7. Non-MVCI owners will be required to purchase a minimum number of points to 'play' in the MVCI portfolio (other than their existing ownership brand).
8. Ending enrollment opportunities for externally purchased weeks (date TBD) because the focus will be on selling to Non-MVCI owners (not remaining unenrolled weeks owners).
9. A points buyback option/program is coming, (but it is unlikely to be better than just selling the points resale and letting MVCI ROFR them - "you'll end up with more money in your pocket reselling yourself than selling back directly to MVCI's buyback option/program" - Not my words). 
10. There were a few other items like new luxury collection offerings, new tour options, etc.
11. $250 Visa Card or 40K MRPs for attending.
12. One time bonus of 4,000 DPs with 36 month expiration included with a purchase of 2k or more points.
13. Prices rolled back to $11.68 pp until 6/30/21.
14. With a minimum purchase of 1k points at $11.68 locks that price for one year for any additional purchases.
14. Purchases of 2k or more points at $11.68 locks that price for 3 years for future purchases.

How does that stack up against what others are being told by the same (and other) sales centers?


----------



## GregT (Jun 15, 2021)

This is interesting speculation, thank you for posting it.  The most interesting point would be one comment from #6, ie, allowing these individuals (who were not grandfathered) to be able to book at 14 months.  I'm not sure if that's possible within the system and we will see what develops.  We will see what develops.  I do agree that they will now start to focus on Starwood owners, and find way to incentivize them to buy Trust Points, versus the historical focus on Marriott owners.  We will see!  Interesting stuff....

Best,

Greg


----------



## dougp26364 (Jun 15, 2021)

Interesting spin and a little more specific than our last update, but it’s been a little while for us.

I see a few possible reasons for the odd 17,000 point requirement.

1. Perhaps the majority of Chairman’s level sit right at 15,000 points, so this would make the next level within easy reach.

2. Perhaps MVC feels, or keeps hearing post update sales attempt, that the reason for not buying is that the owner doesn’t need the additional points (this is our #1 reason for not buying).

3.they’re banking on the idea that Chairman’s level owners will seek that status of being a top level owner with its trinkets and the threshold is so low they’ll jump.

4. They can always say, “17,000 will be increased to 20,000, so buy now and be grandfathered at that level before it’s to late,” creating the sense of urgency that’s needed to push the fence sitters off the fence. 

As with everything, once it’s in writing, I’ll consider my current needs, wants and desires.
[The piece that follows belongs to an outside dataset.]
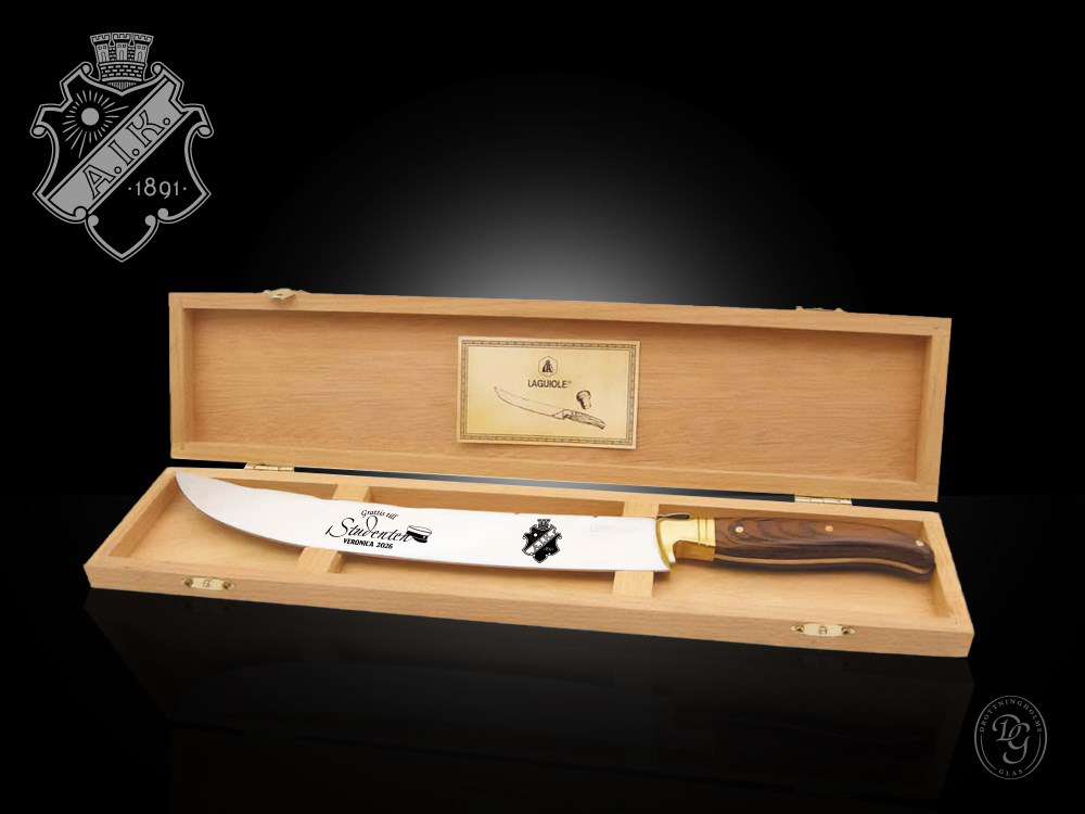 Sabreringssabel för att öppna champagne flaskor effektfullt. Detta snygga svärd graveras på bladet. Laguiole har en helt oslipad egg vilket gör att den är helt optimal för att få till raka och snygga snitt på champagneflaskan.
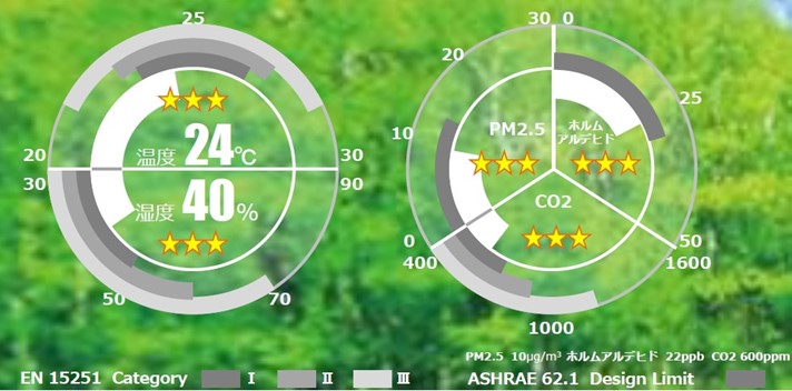 店舗の入り口には、IAQセンサーにより計測した温度や湿度、CO2濃度といった情報をリアルタイムに反映する「IAQモニター」を設置しており、店舗内が快適な空間であることをいつでも確認できます。

Until it’s in writing my money will stay in my pocket. They’ve been promising a cross over program so long my eyes just glaze over everything time I hear it. I would like to cross book between brands, but I’m not buying more points based on unwritten promises. I’m doing very well with the 15,500 points I have now and don’t feel the need to spend approx $22,000 more for status and bonus points I really don’t need. Could I use more points? Sure, I could make use of them. Am I comfortable with what we own. I’d say we’re pretty comfortable.


----------



## MommaBear (Jun 15, 2021)

I went to an update at Marriott Oceanwatch two weeks ago and they wanted me to spend $36,000 for 3000 points to be able to bring in my 360,000 star options. I told them thanks but no thanks


----------



## kds4 (Jun 15, 2021)

MommaBear said:


> I went to an update at Marriott Oceanwatch two weeks ago and they wanted me to spend $36,000 for 3000 points to be able to bring in my 360,000 star options. I told them thanks but no thanks



I think this is what they were referring to regarding shifting the sales focus from enrolling MVCI weeks owners to 'enrolling' owners from the other portfolio brands. For the past decade, the enrollment focus has been on unenrolled weeks. With the ILG acquisition, they have a big new pool to sell to (and may decide they've gotten as much as they can "at scale" from the weeks owner pool and its time to shift sales resources to the new target market this acquisition has opened up to "enroll" inventory from these other brands).


----------



## kds4 (Jun 15, 2021)

dougp26364 said:


> Interesting spin and a little more specific than our last update, but it’s been a little while for us.
> 
> I see a few possible reasons for the odd 17,000 point requirement.
> 
> ...



Several of those points apply to our situation as well. The 30% discount for a booking within 60 days caught our attention. We like this current discount for MVC properties as Chairman's Club and could see value for us to have that ability across the full portfolio of brands in the future.


----------



## kds4 (Jun 15, 2021)

GregT said:


> This is interesting speculation, thank you for posting it.  The most interesting point would be one comment from #6, ie, allowing these individuals (who were not grandfathered) to be able to book at 14 months.  I'm not sure if that's possible within the system and we will see what develops.  We will see what develops.  I do agree that they will now start to focus on Starwood owners, and find way to incentivize them to buy Trust Points, versus the historical focus on Marriott owners.  We will see!  Interesting stuff....
> 
> Best,
> 
> Greg



Agreed. Providing a 14 month booking window for this new top level would likely mean some 'behind the curtain' activity in the inventory/exchange system processes that no one but 'the Wizard' will see.


----------



## mjm1 (Jun 15, 2021)

I like the idea of "only" 17k for the new level versus 30k, which a sales rep told us at a recent update and is completely absurd. I love the idea of a 14 month reservation window. Extending the 30% discount across the entire portfolio would also be a nice feature. Time will tell.

Best regards.

Mike


----------



## frank808 (Jun 15, 2021)

3. Ambassador level has been useless now from what I have read over at flyertalk. But I would love the perk of checking in for 24 hour stay instead of check in at 4pm. That is the one ambassador perk I see useful at Marriott brand hotels.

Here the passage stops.